Here's where we stop narrating economic data and translate it into what actually matters for borrowers. The current 30-year fixed at 6.22% against a 15-year at 5.54% and a 5/1 ARM at 6.06% reflects this paralysis. There are three realistic scenarios for where rates go from here.

On a $400,000 loan, the payment math plays out like this:

Scenario Rate Monthly P&I vs. Today
Bear case — zero cuts, oil stays elevated 6.50% $2,528 +$77/mo
Today (March 19, 2026 — Freddie Mac PMMS) 6.22% $2,451
Base case — 1 Fed cut, Q4 2026 6.00% $2,398 –$53/mo
Bull case — spread compression to ~150 bps 5.75% $2,334 –$117/mo

Payment calculations based on 30-year amortization; P&I only, excludes taxes, insurance, and PMI.

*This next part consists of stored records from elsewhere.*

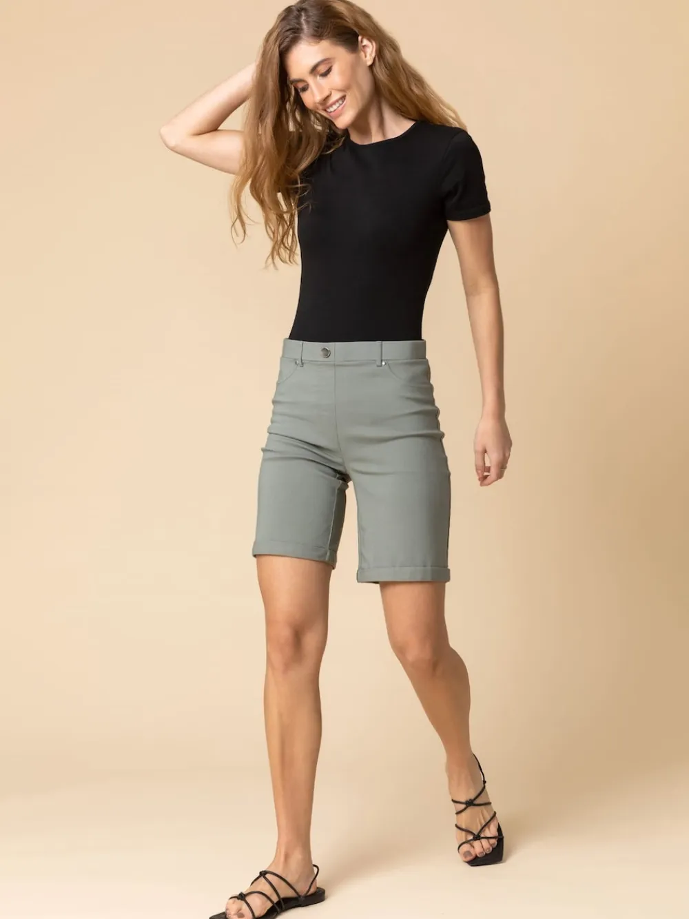Say hello to your newest Summer must-have! These Pear Green turned-up hem shorts are guaranteed to become a suitcase staple. Crafted from our favourite bengaline stretch fabric, these shorts curve to the contours of your body, providing maximum comfort and style. Complete with stitch pocket detail, functional belt loops, and button detail, these mid-length shorts are versatile and right on trend. Pair with printed blouses and sandals or plain bodies and lightweight cardigans for relaxed Summer looks! Machine washable. 76% Viscose, 21% Nylon, 3% Elastane.
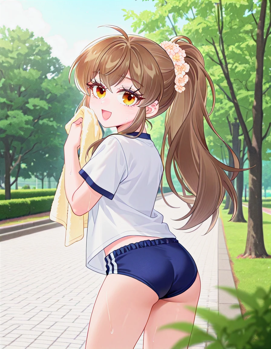 Costume Tag: hair ornament, hair flower, yellow hanfu, frill, wide sleeves, choker, double bun
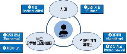 둘째, 스마트 기기와 유튜브이다. 2007년 출시된 아이폰의 출시는 스마트 기기의 시작을 알렸다. Z세대는 스마트 기기의 최대 수혜자이다. 누가 가르쳐주지도 않았는데 어려서부터 스마트기기를 자유자재로 다룬다. 특히 유튜브는 그들의 일상에 깊숙이 침투했다. 직관적이고 개성을 중시하는 특성에 영향을 준다.
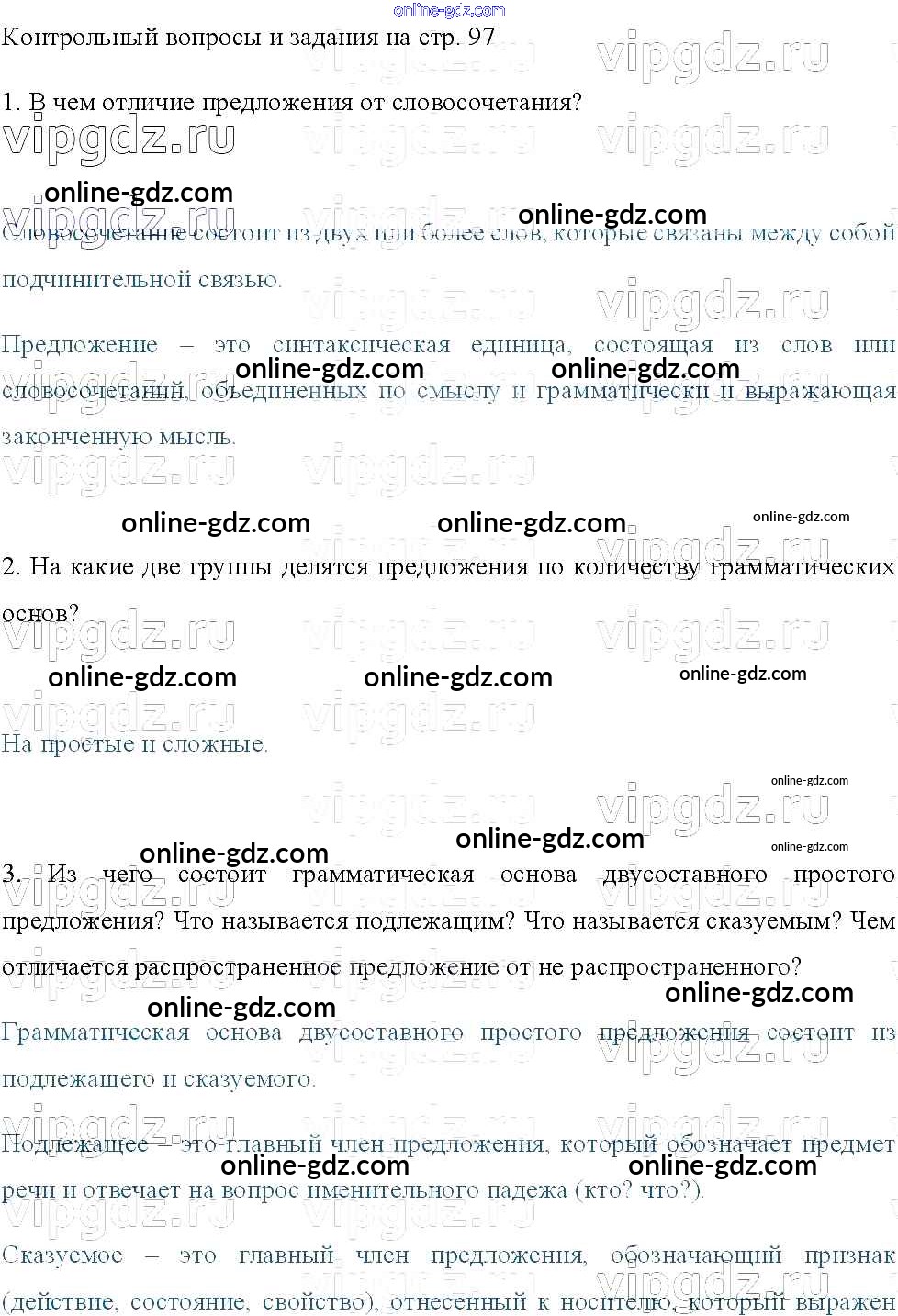Готовые домашние задания по Русскому языку за 8 класс Учебник Тростенцова, Ладыженская 2014 - Задания стр.97

Notice something important about the bull case: it gets to 5.75% without any Fed action at all. With the 10-year Treasury at 4.25% and the mortgage-to-Treasury spread at 197 basis points — well above its historical norm of roughly 150 bps — there's meaningful room for rates to fall through spread normalization even if the Fed holds all year. As we detailed in our March 21 analysis of the mortgage-Treasury spread, that compression pathway is the most plausible route to sub-6% rates in 2026. It requires geopolitical de-escalation, MBS demand improvement, or a shift in risk appetite — none of which the Fed controls directly.

What Borrowers Should Actually Do Right Now

The MBA's weekly application data released after the March 18 FOMC decision showed refinance apps up just 0.5% — reflecting correctly that a hold-with-hawkish-dots is not a refinance catalyst. Purchase applications, however, jumped 7.8%, signaling that buyers are recalibrating around rate reality rather than waiting for a rate dream that isn't coming this year.

Our practical read on this data:

  • If you need to buy in 2026: Underwrite your budget at 6.25%. Plan for a 5.75–6.00% refinance opportunity sometime in 2027 if spread compression or a policy pivot materializes. Don't let today's rate stop a purchase that makes financial sense at current levels.
  • If you're eyeing a refinance: The break-even math only pencils out if you're currently above 7.0%–7.25%. At 6.5%, the savings against closing costs don't clear the threshold yet. Wait for a clearer entry point — the downside of waiting is limited; the cost of a premature refi is real.
  • On ARMs: The 5/1 ARM at 6.06% versus the 30-year fixed at 6.22% represents only 16 basis points of spread. That's a historically slim margin of compensation for taking on rate reset risk in an uncertain policy environment. We don't think that trade makes sense right now.
  • Rate lock timing: Watch the 10-year Treasury as your primary signal. A break above 4.40% likely pulls the 30-year back toward 6.40%+. A move below 4.10% starts pointing toward 6.00% territory. The Fed's next decision is May 6–7, which will be Powell's final meeting as Chair. More on that uncertainty below.

The Next Catalysts to Watch

Powell's last FOMC meeting as Chair comes May 6–7. His nominated successor Kevin Warsh — a known hawk on balance sheet normalization — faces a Senate hold over an unrelated investigation. Warsh's confirmation timeline and policy stance add another layer of uncertainty to the mortgage rate outlook. More aggressive quantitative tightening under Warsh could widen MBS spreads further, pushing rates higher independent of the fed funds rate. For a deeper read on how the market forces behind mortgage rates interact with Fed policy, browse our Market Commentary archive.

Before that, watch these data releases closely: March CPI prints April 10 and March nonfarm payrolls land April 3. If March CPI shows oil shock inflation feeding through — which is likely — it firms up the zero-cut scenario for 2026 and puts upward pressure on rates. If payrolls remain soft, the Fed's paralysis deepens. Either way, the dot plot's message is already priced: the market has moved. The window for cheap financing optimism is closed.

The borrowers who navigate 2026 well won't be the ones who timed the rate bottom perfectly. They'll be the ones who stopped waiting for the Fed to rescue them and made decisions based on the rate environment that actually exists — not the one that was priced in on January 1.